Tl’esqox First Nation Chief Francis Laceese mans a checkpoint into his community, located about 50 kilometres west of Williams Lake. (Photo submitted)

Tsilhqot’in National Government downgrades emergency response to spring flooding, COVID-19

Avoiding unnecessary travel is still being urged

As flood waters recede and B.C. begins to ease COVID-19 restrictions, the Tsilhqot’in National Government has downgraded its Emergency Operations Centre response.

After previously operating at Level 2 due to the global health crisis and two localized flooding incidents, the TNG said it is now operating its EOC at Level 1.
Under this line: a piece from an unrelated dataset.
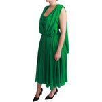 Dolce & Gabbana 100% Silk Green Sleeveless Pleated Maxi Dress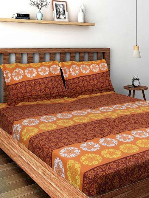 printed cotton double bed sheet with 2 pillow covers by bombay dyeing

Level 1 is the lowest EOC activation level according to the B.C. Emergency Operations Centre Operation guidelines.

The TNG said it continues to remain on high alert and is prepared to reactive at an EOC response Level 2 if and when required.

“As the virus continues to spread throughout B.C. and Canada we are calling on everyone to do their part to stop the spread of COVID-19 by staying home or out on the land,” the TNG said in a statement noting the potential for a second wave.

Read More: Yunesit’in First Nation removes checkpoints

Visitors are asked to continue to stay away.

Checkpoints remain active at Xeni Gwet’in (Nemiah), and on the weekends at Tsideldel (Redstone). ?Esdilagh (Alexandria) has checkpoints in effect until June 1 after which a bylaw will take effect ordering any member who brings in visitors must ensure they stay within their own home and not travel throughout the community.

A possible exposure was identified last month when a released inmate who had stopped in to visit family at Tl’etinqox (Anaham) First Nation west of Williams Lake later tested positive. That prompted Tl’etinqox and neighbouring Xeni Gwet’in (Nemiah) First Nation to implement 14 day lockdowns which have appeared to have paid off.

No positive cases as of May 26 have been identified.